It is a standard requirement in Probate Court disputes that the parties strictly adhere to the rules regarding notice of relief sought to all potential heirs and beneficiaries. The recent decision of Bailey v. Bailey illustrates these rules over the discovery of a will after the issuance of letters testamentary.
A gateway issue in any trust and estate administration is the question of whether there will be a contest challenging the validity of any will or trust. The question of whether there will be a content is addressed through strict notice periods. The decision of Bailey v. Bailey specifically addresses the discovery of a will post-issuance of letters testamentary. The case does not involve
challenging a trust.
For a will, Probate Code section 8110 governs the administration of an estate and appointment of an administrator. Here, the administrator, the deceased’s brother, petitioned for letters of administration under Probate Code section 8226. This section governs the administration of an estate where there is no will. The deceased’s son received notice of the petition. But because there was no will the deceased’s son expected to be treated as an intestate beneficiary.
However, the facts relating to the estate changed after the petition. Shortly before the hearing, the deceased’s brother discovered a will. The deceased’s brother then lodged it with the court roughly two weeks before the hearing. At the hearing, the deceased’s brother represented he did not intend to admit the will to probate.
Yet, after the hearing the deceased’s brother provided “Notice to Potential Beneficiary of Petition for Letters of Administration Under Probate Code § 8226” on March 4, 2021. The notice included copies of the will, the petition, the probate order, and letters of administration.”
Then once a final inventory was filed the deceased’s son learned he stood to inherit nothing, and challenged the will. The deceased’s brother claimed the challenge was untimely based on Probate Code section 8226 subdivision (c). This section states that a will should be challenged 60 days after notice.

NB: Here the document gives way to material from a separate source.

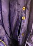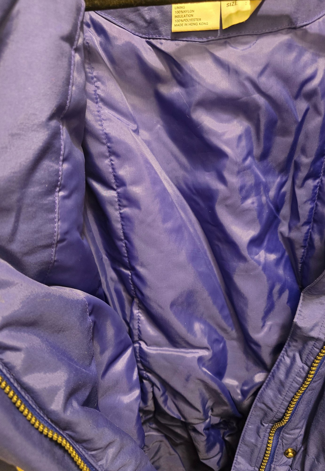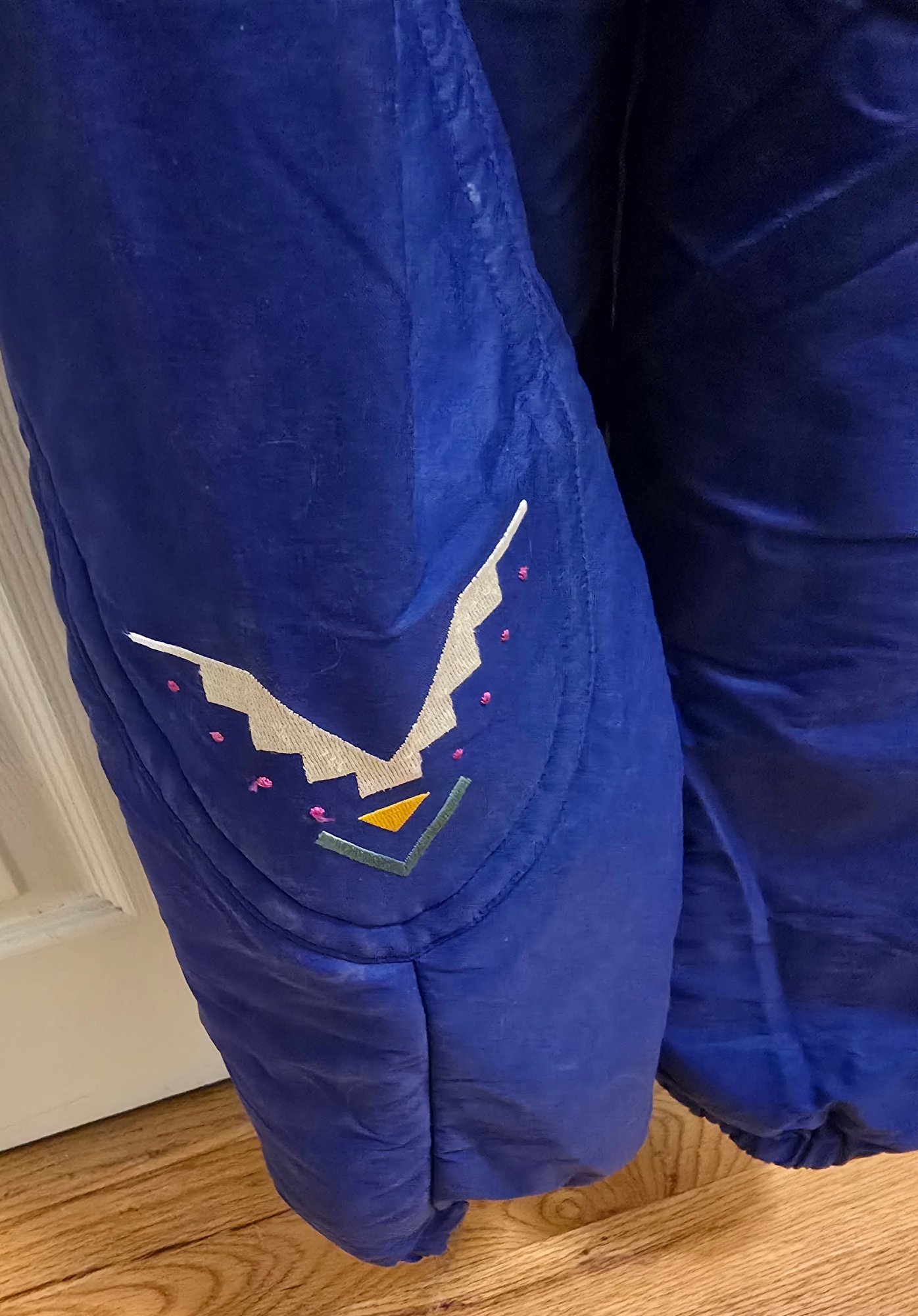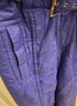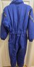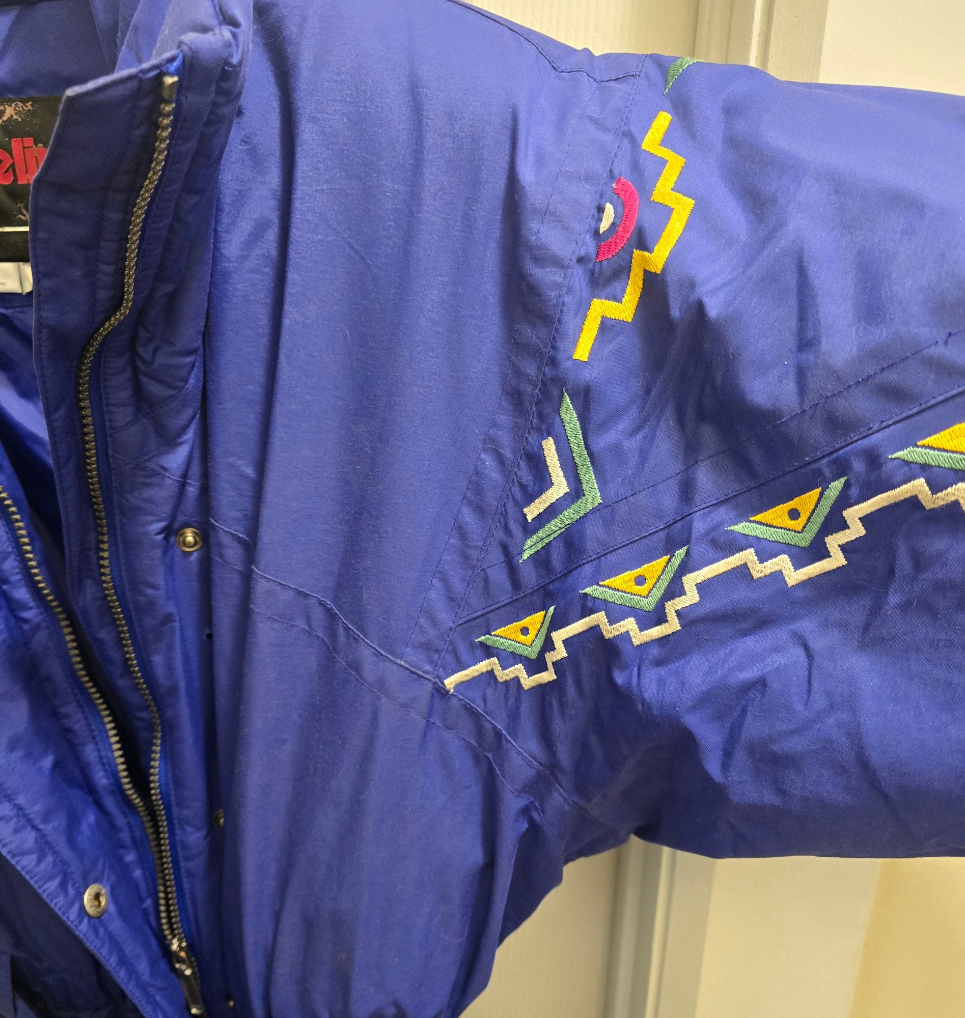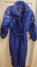 Vintage Kaelin royal blue one-piece ski jumpsuit from the 1980s or 1990s, featuring geometric embroidery and an adjustable waist belt. Size 6. Good used condition. Please see all pics for details.

The Court of Appeals rejected the argument. The fundamental flaw in the deceased’s brother’s claim was that notice should have been provided before a hearing and not notice after a decision. Here, the issue decided was the appointment of an administrator for an estate without a will – not one governed by a will where the son was disinherited.
To trigger any deadline required that the deceased’s brother petition under Section 8110. The goal being to provide clear notice of the intentions and relief sought in the petition prior to any hearing. This would have provided each potential beneficiary with a copy of the will and afforded 15 days-advance notice prior to any hearing.
This case illustrates that as facts develop the probate code must be consulted regularly and that any petition must clearly state its intentions and provide sufficient notice to any potential heir or beneficiary. When there is a reasonable doubt over whether notice provisions have been satisfied it may warrant amending the petition and providing new notice.